[Items from a data source]
Start of Block
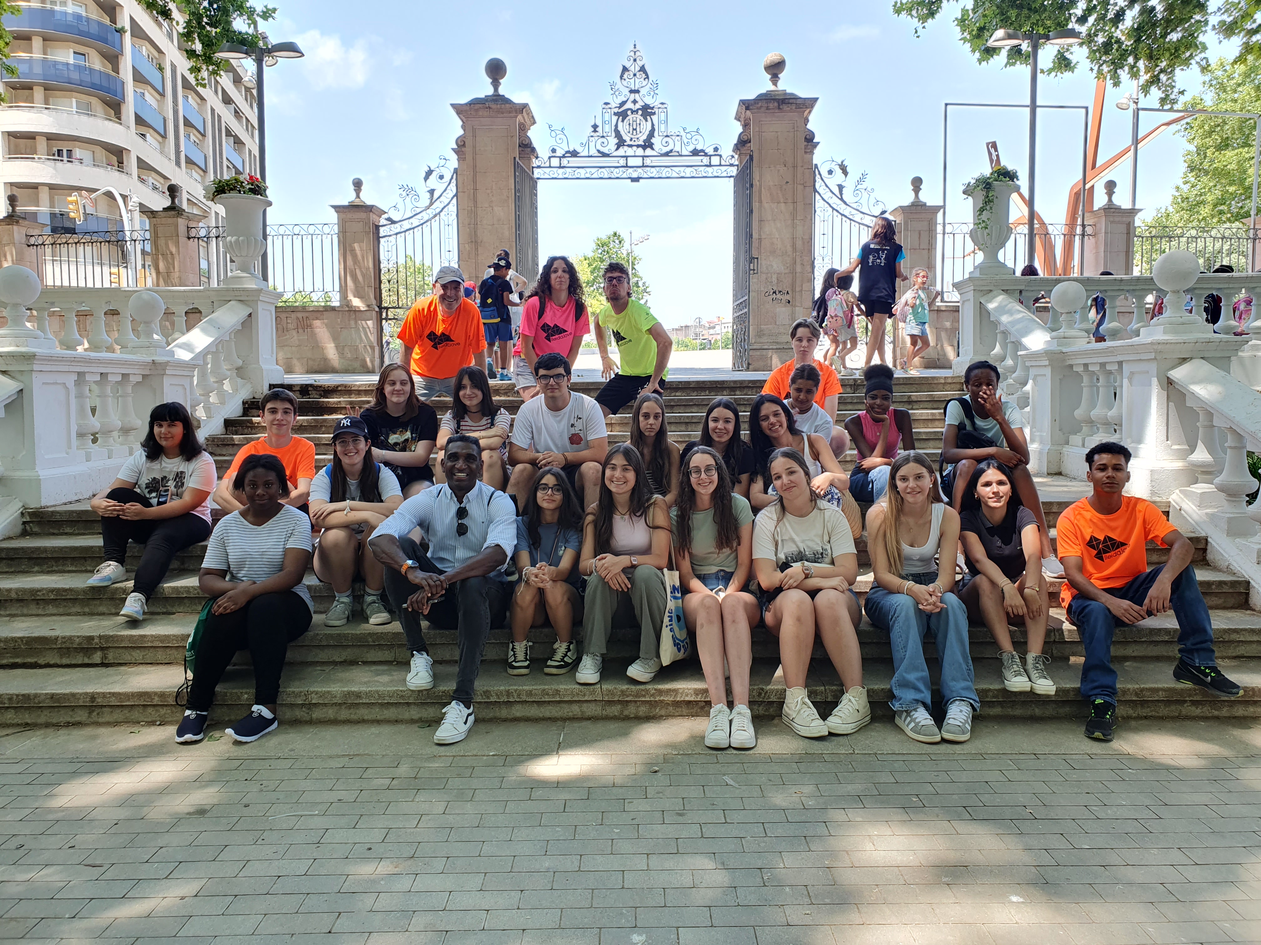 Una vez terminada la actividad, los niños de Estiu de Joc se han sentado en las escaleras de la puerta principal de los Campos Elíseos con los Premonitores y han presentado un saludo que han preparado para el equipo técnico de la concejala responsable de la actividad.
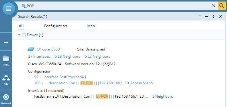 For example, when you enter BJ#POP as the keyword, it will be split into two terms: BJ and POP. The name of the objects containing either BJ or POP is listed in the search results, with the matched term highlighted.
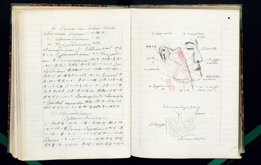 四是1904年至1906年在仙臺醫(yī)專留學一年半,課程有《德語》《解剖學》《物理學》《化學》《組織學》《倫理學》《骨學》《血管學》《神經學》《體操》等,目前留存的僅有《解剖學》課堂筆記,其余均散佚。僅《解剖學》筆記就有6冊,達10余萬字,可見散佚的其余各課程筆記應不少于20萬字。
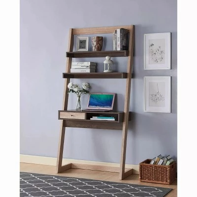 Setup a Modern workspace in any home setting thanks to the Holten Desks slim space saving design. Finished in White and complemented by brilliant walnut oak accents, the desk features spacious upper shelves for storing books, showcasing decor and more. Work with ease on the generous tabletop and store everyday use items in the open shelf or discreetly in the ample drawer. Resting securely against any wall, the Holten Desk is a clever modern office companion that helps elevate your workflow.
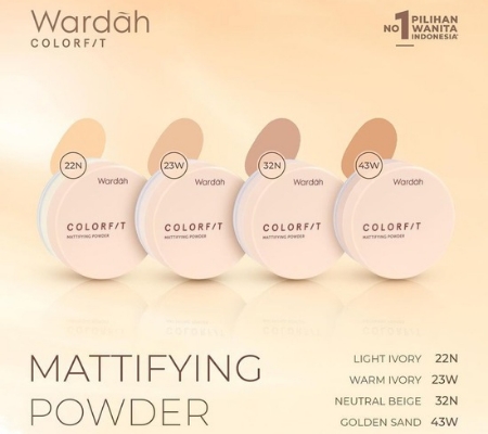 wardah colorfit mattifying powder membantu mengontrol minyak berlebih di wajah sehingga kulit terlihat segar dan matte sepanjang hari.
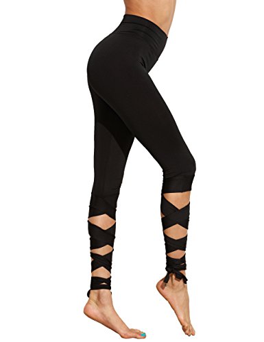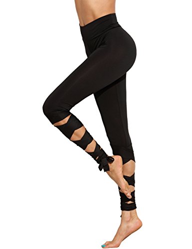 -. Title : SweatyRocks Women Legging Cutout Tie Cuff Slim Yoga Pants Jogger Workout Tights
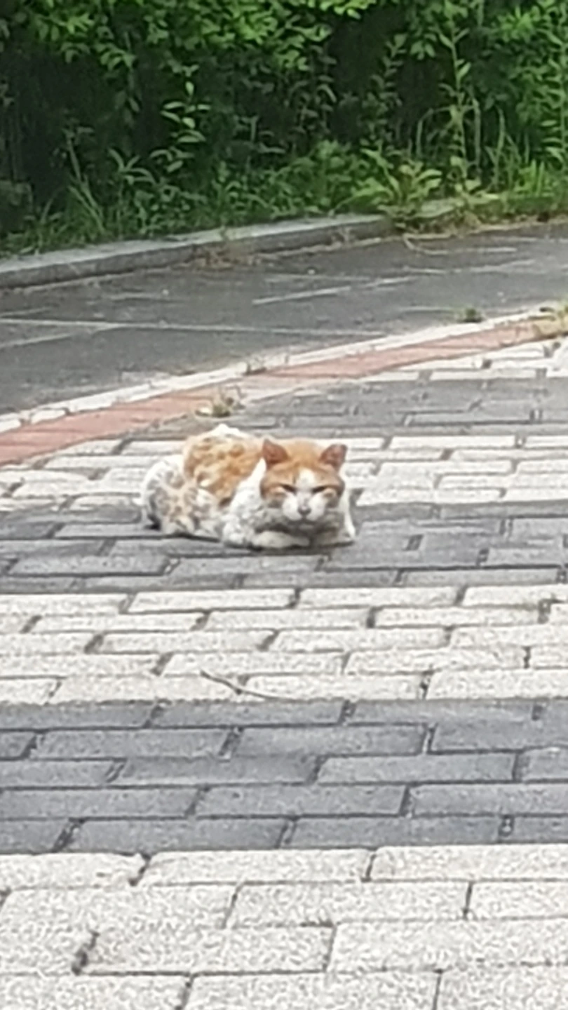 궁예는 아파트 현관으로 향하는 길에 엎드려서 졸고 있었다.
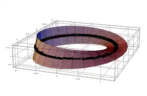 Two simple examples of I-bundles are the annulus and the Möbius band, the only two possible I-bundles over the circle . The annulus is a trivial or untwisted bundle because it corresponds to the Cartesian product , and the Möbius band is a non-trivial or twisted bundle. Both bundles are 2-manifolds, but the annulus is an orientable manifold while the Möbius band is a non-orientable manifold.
End of Block
■ PROBLEM DESCRIPTION ■
Repeat exactly the lines from the first line of the records above through the line containing "Setup a Modern", leaving out the pictures.

■ EXERCISE ANSWER ■
 Una vez terminada la actividad, los niños de Estiu de Joc se han sentado en las escaleras de la puerta principal de los Campos Elíseos con los Premonitores y han presentado un saludo que han preparado para el equipo técnico de la concejala responsable de la actividad.
 For example, when you enter BJ#POP as the keyword, it will be split into two terms: BJ and POP. The name of the objects containing either BJ or POP is listed in the search results, with the matched term highlighted.
 四是1904年至1906年在仙臺醫(yī)專留學一年半,課程有《德語》《解剖學》《物理學》《化學》《組織學》《倫理學》《骨學》《血管學》《神經學》《體操》等,目前留存的僅有《解剖學》課堂筆記,其余均散佚。僅《解剖學》筆記就有6冊,達10余萬字,可見散佚的其余各課程筆記應不少于20萬字。
 Setup a Modern workspace in any home setting thanks to the Holten Desks slim space saving design. Finished in White and complemented by brilliant walnut oak accents, the desk features spacious upper shelves for storing books, showcasing decor and more. Work with ease on the generous tabletop and store everyday use items in the open shelf or discreetly in the ample drawer. Resting securely against any wall, the Holten Desk is a clever modern office companion that helps elevate your workflow.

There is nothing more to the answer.